L’avenir des loteries se joue avec le Tactilo

Numéro 7 – Septembre 2005

Le Tactilo de la Loterie Romande est sous le coup d’un moratoire de la Commission fédérale des maisons de jeu, qui caresse le projet d’interdire ces appareils... pourtant autorisés par les cantons ! Pour l’instant, ses démarches sont bloquées par un recours. Du sort de ce distributeur de loteries électroniques dépend le développement futur des grandes loteries et leur mécénat.

Le bras de fer entre la Confédération et les cantons autour des jeux d’argent se focalise plus que jamais sur les distributeurs de loteries électroniques. Depuis juin 2004, la Loterie Romande n’est plus autorisée à installer de nouveaux Tactilos et doit donc s’en tenir au quota fixé par les cantons romands il y a cinq ans. Ainsi en a décidé la Commission fédérale des maisons de jeu (CFMJ) en décrétant un moratoire sur ces appareils, « afin de clarifier la question de savoir si les automates de type Tactilo sont des machines à sous tombant sous le coup des dispositions de la loi sur les maisons de jeu ». Interdits hors des casinos, ils seraient dès lors condamnés. Sachant que les quelque 620 Tactilos déjà implantés dans les cafés et restaurants représentent plus du tiers des bénéfices de la Loterie Romande, les conséquences d’une interdiction seraient catastrophiques pour les multiples associations culturelles, sociales et sportives qui profitent de ses dons.

On assiste donc à un torpillage en règle des grandes loteries

Les Tactilos, qui relèvent jusqu’à nouvel ordre de la loi sur les loteries, sont autorisés par les cantons depuis 1999. Mais quand bien même le Conseil fédéral a donné son aval à la création d’une convention intercantonale habilitée à homologuer les automates de jeu et confié le sort du Tactilo au Tribunal fédéral, la CFMJ snobe les autorités cantonales. Ecartées de l’enquête en cours, elles ont fait appel à la Commission fédérale de recours, qui a gelé la procédure de la CFMJ et se prononcera cet automne. S’ils restent exclus, les cantons pourront encore saisir le Tribunal fédéral. Dans le cas contraire, leur participation à l’enquête de la CFMJ reporterait d’au moins plusieurs mois ses conclusions, annoncées pour début 2006. Une décision sur le fond – le statut du Tactilo ! – interviendra donc au plus tôt en 2007, précisément au moment où le concordat intercantonal doit entrer en vigueur !

La théorie des dominos

Pourquoi, alors que la Convention intercantonale des loteries et paris sera bientôt opérationnelle, attiser de telles batailles juridiques ? En réponse à une intervention parlementaire de Jean Studer appuyée par les conseillers aux États des six cantons romands, le chef du Département fédéral de justice et police (DFJP) Christoph Blocher a d’ailleurs reconnu que la CFMJ était juge et partie dans cette affaire1. Il faut rappeler que ladite CFMJ délivre les concessions aux casinos, homologue les nouvelles machines à sous et perçoit l’impôt sur les maisons de jeu (316 millions de francs en faveur de l’AVS en 2004). Depuis l’ouverture du marché suisse aux casinos, les loteries cantonales qui redistribuent leur bénéfice à l’utilité publique sont de fait dans la ligne de mire de quelques hauts fonctionnaires et experts du DFJP. Dans ce contexte, les attaques répétées contre le Tactilo ont une autre résonance, d’autant que le PMU romand, les jeux en ligne et le Sporttip de la loterie alémanique SwissLos se retrouvent aussi dans le collimateur fédéral. On assiste donc à un torpillage en règle des grandes loteries.

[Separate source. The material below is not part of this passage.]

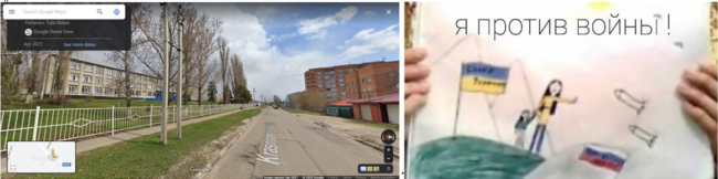 To po lewej to szkoła nr 9 w Jefremowie, w Rosji, w obwodzie tulskim. Gdzie 13-letnia dziewczynka narysowała tej oto rysunek po prawej: „ja jestem przeciw wojnie”. Dziewczynka trafi do sierocińca, bo ojca aresztowano i pobito na komisariacie, a miejscowy sąd skazał go na 2 lata więzienia za szkalowanie rosyjskiej armii. Uciekł z domu i się ukrywa. A to Rosja właśnie. Żądna nieść swoją „cywilizację” na cały świat z pomocą swoich rakiet z głowicami atomowymi.

Le développement des jeux de loteries sur écran, qui remplacent progressivement les billets traditionnels, serait stoppé net par l’interdiction d’appareils comme le Tactilo. « La Loterie Romande perdrait 40 à 50 % de ses bénéfices. Et, à plus long terme, ce serait la dégringolade des loteries publiques. Le Tactilo date de 1999 – du siècle passé ! – et il faut bien voir que le secteur est en pleine évolution, que la grande majorité des jeux recourt aux supports électroniques. Si on supprime ces supports, on supprime de facto les loteries d’utilité publique », résume José Bessard, directeur de la communication de la Loterie Romande.